Through Pearl, the author explores the psyche of someone who has been to the very brink of death, glimpsed the worst mankind can serve up, but manages to step back from the abyss and move on, despite the ultimate price that has to be paid later. To me, Pearl was the very essence of the book, the one voice which kept me reading even when the story became very difficult. Stasha, her twin and her polar opposite, offered the other perspective, although I never fully managed to get into Stasha’s head or understand what made her tick. I admit that due to the sheer horrors explored in the book, I was often tempted to abandon it, and it haunted me in my nightmares.

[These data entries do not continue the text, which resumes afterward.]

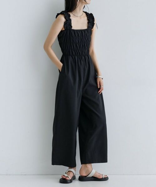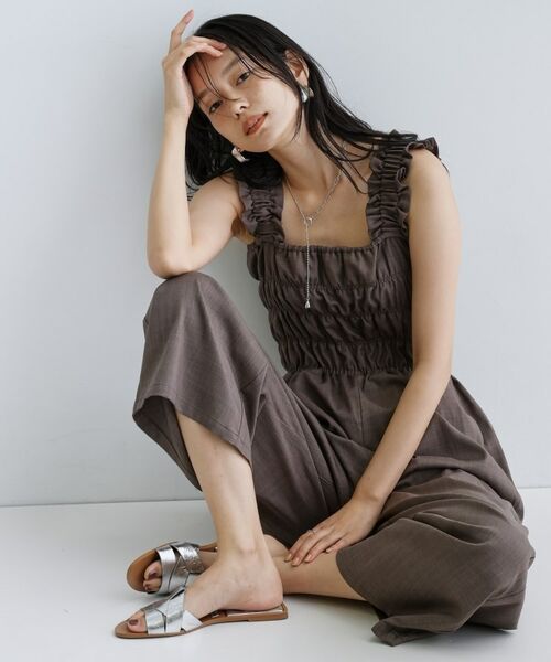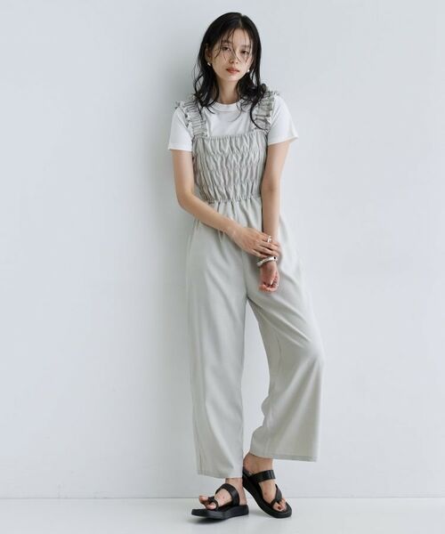 トップス部分に入れたシャーリングが目を惹くサロペットは、軽やかな印象を与えつつ、程よいフィット感で女性らしいシルエットを演出します。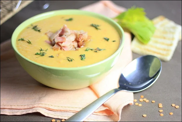 Ингредиенты для приготовления Суп-пюре из чечевицы с беконом: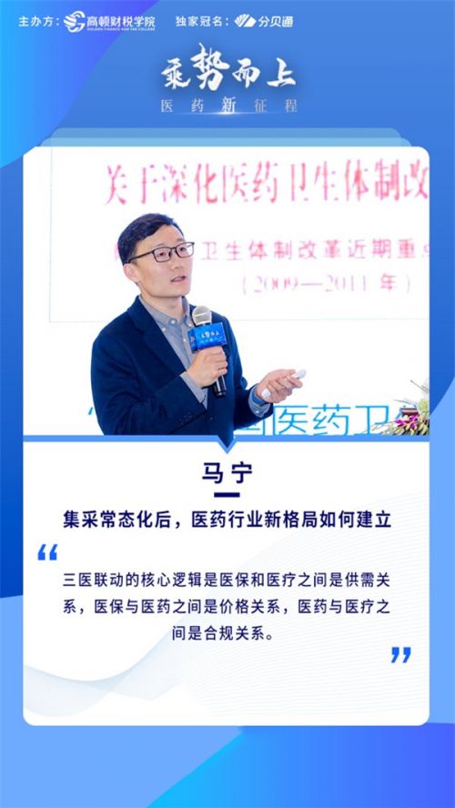 经统计2019年,规模以上医药工业企业实现主营业务收入2.6万亿元,同比增长7.95%,实现利润总额3456亿元,同比增长7.02%;实现出口交货值2116亿元,同比增长7.03%。而2020年,规模以上医药工业企业实现主营业务收入2.8万亿元,同比增长7.0%,实现利润总额4123亿元,同比增长19.3%,实现出口交货值3020亿元,同比增长40.0%。马宁先生表示通过两组数据的对比显示,医药工业总体平稳健康的发展态势,也充分验证未来医药行业发展的巨大潜能。 同时从他的角度总结三医联动的核心逻辑是解决医保、医疗、医药的平衡关系,医保与医疗之间是供需关系,医保与医药之间是价格关系,医药与医疗之间是合规关系。 并从时间维度,详细梳理我国医改政策的变迁和重要工作任务,从繁杂的政策制度改革路线、各省市试点案例要点和统计数据采集分析,清晰梳理出明确的政策导向和药企发展路径。 未来随着三明医改试点的成功,以医保为杠杆,与药企直接谈判,将压下来的巨额药价空间,再反哺公立医院,从而提升医护人员从业积极性,并有内在动力提升医疗服务。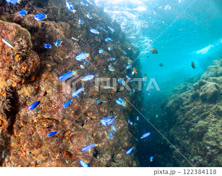 ドロップオフのキンギョハナダイ、キホシスズメダイ、ソラスズメダイ他の群れ 賀茂郡南伊豆町中木ヒリゾ浜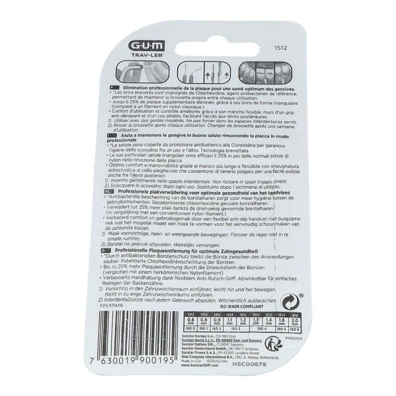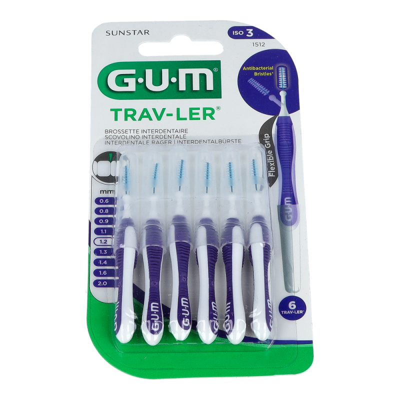 GUM® TRAV-LER® Inderdentalbürsten (0.6 mm Drahtdurchmesser / 1.2 mm Zahnzwischenraum / ISO-Norm 3) Kerzenform in violett mit flexiblem, ergonomischem Griff zur besseren Handhabung an schwer erreichbaren Stellen. Der Bürstenhals aus Kunststoff kann bis zu 90 Grad gebogen werden. Bis zu 25 % bessere Plaqueentfernung dank innovativer Dreiecks-Borstenstruktur. CHX-Beschichtung der Borsten hält die Interdentalbürste hygienisch (bis zu 2 Wochen). Einfache Handhabung für hohe Patienten-Compliance.

What was missing for me was a sense of time and place. Perhaps this was due to the fact that the main characters are children, whose sense of reality is blurry at times. I found it difficult to visualise both the setting as well as the supporting characters, and the whole atmosphere took on a slightly surreal, often bizarre quality in the vein of Miss Peregrine’s Home for Peculiar Children.  Perhaps it was the author’s intention to cloak the horrors in a kaleidoscope of peculiar, nightmarish images. However, I found that for me the cost of this approach was the authenticity of the main characters, and I often found myself floundering as I tried to follow the storyline. By masking the perpetrators and their victims in bizarre imagery, giving it the atmosphere of a freakish travelling carnival, it made it difficult for me to truly grasp its depth and meaning.

To sum it all up, this is definitely not a book for the faint-hearted, due to the horrific subject matter. Nor will its style work for everyone, as the mixed reviews which have been posted on Goodreads clearly show. Although I managed to glimpse the occasional insight through Pearl’s voice, I belong to the group of readers who found the book difficult due to its writing style. This is by no means a criticism on the author, who has obviously done her research and knows her subject matter very well, , but simply a personal preference. Readers who enjoy historical fiction, especially set in WWII, should definitely pick it up and make up their own minds.


Thank you to Netgalley and the publisher for providing me with a free electronic copy of this novel in exchange for an honest review. Please note that the final product may vary slightly from the one I have reviewed.